Here at BeerTengoku, we believe in bringing people to drink together and talk over a few pints of craft beer. We may not agree with what makes craft beer, what constitutes a good beer, or even if a beer is any good or not. However, one thing that we can all agree on is that everyone should be treated equally and with respect.
Women make up 50% or so of the population of Earth – give or take a few hundreds of million people. Japan makes up 127,000,000 or so of that population, with a female to male ratio standing at roughly 0.95. That means for every female in Japan, there are 0.95 males1, which means Japan has a population of 66 million females vs 61 million males or so. An important statistic that we’ll come back to later on.
While times are changing, with more and more women remaining in the workforce, or reentering after childbirth, some things do not change. Household finances are one of them. Japan is very different to other countries, besides the oft-told-myth of Japan having four seasons.

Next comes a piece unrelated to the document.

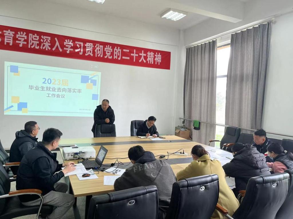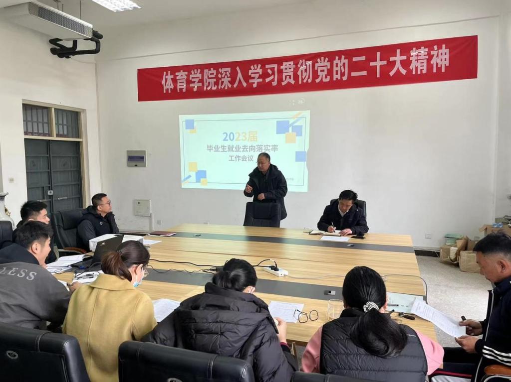 为持续推进就业工作,3月22日上午,我院于B109会议室召开2023届毕业生去向就业落实率工作会议,党委书记尚玉卿、院长董顺波、党委副书记翟强及毕业班班主任、辅导员参会,会议由体育学院就业办主任陶金主持。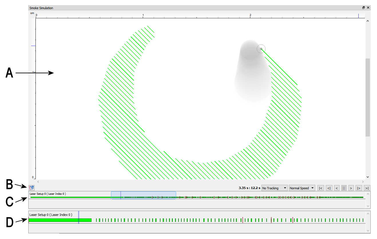 In area C and D, the activity periods for each laser are drawn. Also, the current position on the timeline is indicated by a semi-transparent vertical line (in darker highlight color, e.g. C2 in area C). When a laser-smoke collision is detected, then a semi-transparent red line is drawn at the end of the related time interval (the collision is also indicated in the 2D visualization A).

In Japan, the wife is usually the head of finances – something that is often long talked about and is a very different custom, compared to other developed nations. The husband tends to work full time hours, sometimes staying late in the office as he tries to out-sleep his coworkers to show how hard he is working. The salary for all that sleeping goes to the house account, where he then is dealt a monthly allowance by the wife, who has carefully calculated the outgoings and balanced them to ensure the kids can go to school, everyone is fed, and all are sorted for the month.
Even though roles are showing signs of changing, some things still persist in Japan and that is advertising. Women are still used as advertising tools, be it from your clothes, house hunting, toys, family stuff, right through to more dubious circumstances such as beer modelling. While the former are usually done tastefully or are often intermixed with both sexes, the latter still needs a lot of work. Drastically.
Starting with the perhaps least condescending. Some breweries advertise their beers towards women with a belief that the sweet, gentle beers are more suited towards a woman’s palate. Some misguided notion that the bitter, hoppy kick to the face can’t be handled by such nice people. Yet go down to your local bar and you’ll see men drinking weizens and women drinking IPAs. Go even further afield and you’ll see women drinking imperial stouts and imperial IPAs too.
Beer bottles. While Japanese breweries do tend to lack with imaginative designs, some of them really do need changing. Shonan Beer Tsuma and also Barbaric Works Lick Me All Over use the naked female form to advertise their beer. The former features a full frontal nude of “an Oiso wife”, while the latter features a topless nude of a women with her tongue sticking out. Something that is truly unnecessary and smacks of an immature approach to their customers. While the bottles may be eye-catching and a talking point, it’s more than likely going to be towards a negative turning point, bringing negative impressions on the brewery.
While some may find that offensive, it does get worse. The big four breweries are known for producing posters each year, with bikini clad girls drinking their beers. Perhaps they hope that this will appeal to people to drink their beer. Does it work? Who knows. The big four produce so much beer that it seems like a moot point to use this way. However, Bay Brewing Yokohama have also taken this same approach. Go to any off their bars, and you can find their model posing with their beer. Does it convince me to drink the beer? No. Does it convince me to tell people about their beer? No.
So now we’re getting warmed up – the posters of bikini girls modeling a beer is outdated and out-fashioned but fewer breweries are using that idea to advertise their beers. Yet it still gets worse. For those who went to the Japan Brewers’ Cup then you know what’s coming up. “Entertainment” we shall say. While we all love some music, it should be appropriate to the surroundings. You wouldn’t really play thrash metal in your office at full volume as others are trying to work, unless you work at Rolling Stone? So why are there idol bands cavorting around stage at a craft beer festival? That’s right, using women as an advertising tool to encourage people. It’s a weird underbelly in Japan where grown men seem have a thing for teenage girls dressed up to the nines. And that’s before we get onto the pole dancers. Why are there pole dancers at a craft beer festival? Seriously? We get that it is a skill unto itself; however, I can’t really think of many actual reasons for having pole dancers at a craft beer festival unless you’re trying to attract people to your craft beer festival…
It’s important to note that not all breweries do this in Japan, with some taking inspiration from women and using them in a positive form. Examples are Locobeer that produce an annual beer towards the Pink Boot series and Baird Beer with Four Sisters Springbock, Saison Sayuri being two examples of breweries that are being inclusive rather exclusive. Minoh Beer, Harvestmoon, and Oriental Brewing are just three of the breweries that have head female brewers. With a potential domestic market of 66 millions females (well let’s ignore some of the underage drinkers for now), why bother alienating them, when you could be encouraging people to drink?